Task instructions: Return all the entries below exactly, except for the images they hold.

Information given:
--------------------------------
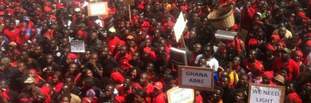 Des milliers de participants se sont réunis au Cercle Kwame Nkrumah à Accra portant des pancartes exprimant leurs frustrations, ou exigeant le départ du président John Mahama pour raison d’incompétence.
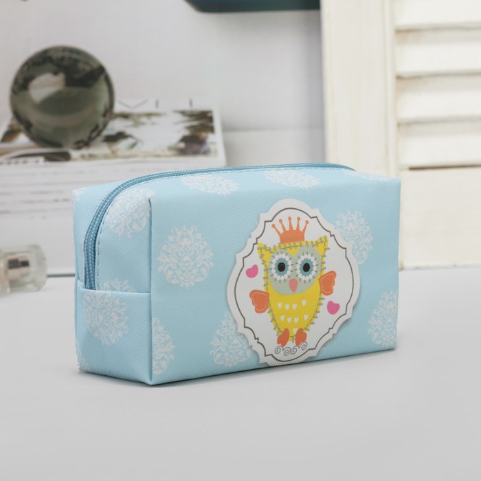 Косметичка дорожная "Совёнок", отдел на молнии, ручка, цвет голубой
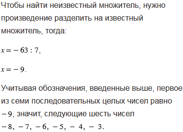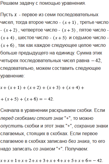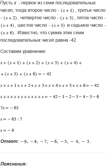 Найдите семь последовательных целых чисел, если их сумма равна -42.
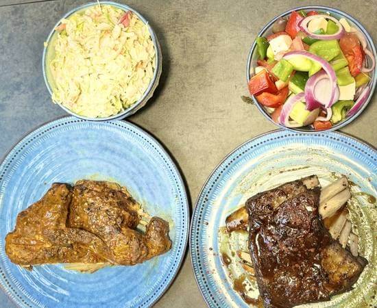 1/2 Chicken, 1/2 Lamb Ribs, 2 Large sides
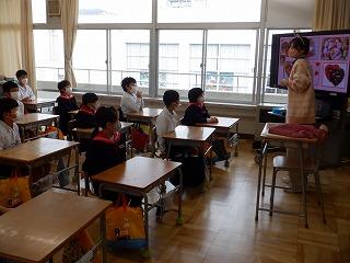 2月14日(火)バレンタインデーに、2年1組の子ども達が、アメリカでのバレンタイン文化についてALTの話を聞いていました。この日に合わせて可愛いハートのカチューシャを付けたALTの話に、子ども達は興味をもって聞いていました。違う国の文化を学ぶよい機会になりましたね。
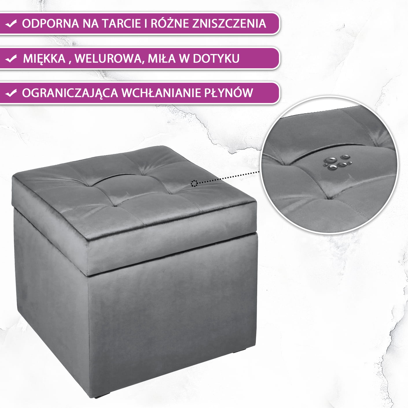 Moderní puf s úložným prostorem 45x45 cm - šedý
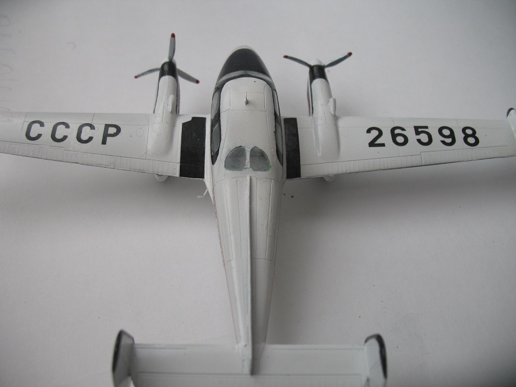 Давно хотелось собрать модель этого самолета так коротко промелькнувшего в нашей гражданской авиации. И именно в ливрее Аэрофлота. Такая возможность мне недавно предоставилась.Модель собиралась неплохо.Но нос и мотогондолы пришлось хорошо и под предел загрузить свинцом.Хотел затонировать зеленоватым лаком стекла кабины но потом отказался-не понравилось.Окраска Тамия,декаль от Алексея Бацких.
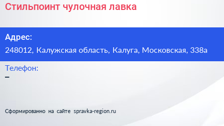 Стильпоинт, чулочная лавка по адресу 248012, Калужская область, Калуга, Московская, 338а в дальнейшем Организация, размещена в следующих категориях:
--------------------------------
Task output:
 Des milliers de participants se sont réunis au Cercle Kwame Nkrumah à Accra portant des pancartes exprimant leurs frustrations, ou exigeant le départ du président John Mahama pour raison d’incompétence.
 Косметичка дорожная "Совёнок", отдел на молнии, ручка, цвет голубой
 Найдите семь последовательных целых чисел, если их сумма равна -42.
 1/2 Chicken, 1/2 Lamb Ribs, 2 Large sides
 2月14日(火)バレンタインデーに、2年1組の子ども達が、アメリカでのバレンタイン文化についてALTの話を聞いていました。この日に合わせて可愛いハートのカチューシャを付けたALTの話に、子ども達は興味をもって聞いていました。違う国の文化を学ぶよい機会になりましたね。
 Moderní puf s úložným prostorem 45x45 cm - šedý
 Давно хотелось собрать модель этого самолета так коротко промелькнувшего в нашей гражданской авиации. И именно в ливрее Аэрофлота. Такая возможность мне недавно предоставилась.Модель собиралась неплохо.Но нос и мотогондолы пришлось хорошо и под предел загрузить свинцом.Хотел затонировать зеленоватым лаком стекла кабины но потом отказался-не понравилось.Окраска Тамия,декаль от Алексея Бацких.
 Стильпоинт, чулочная лавка по адресу 248012, Калужская область, Калуга, Московская, 338а в дальнейшем Организация, размещена в следующих категориях:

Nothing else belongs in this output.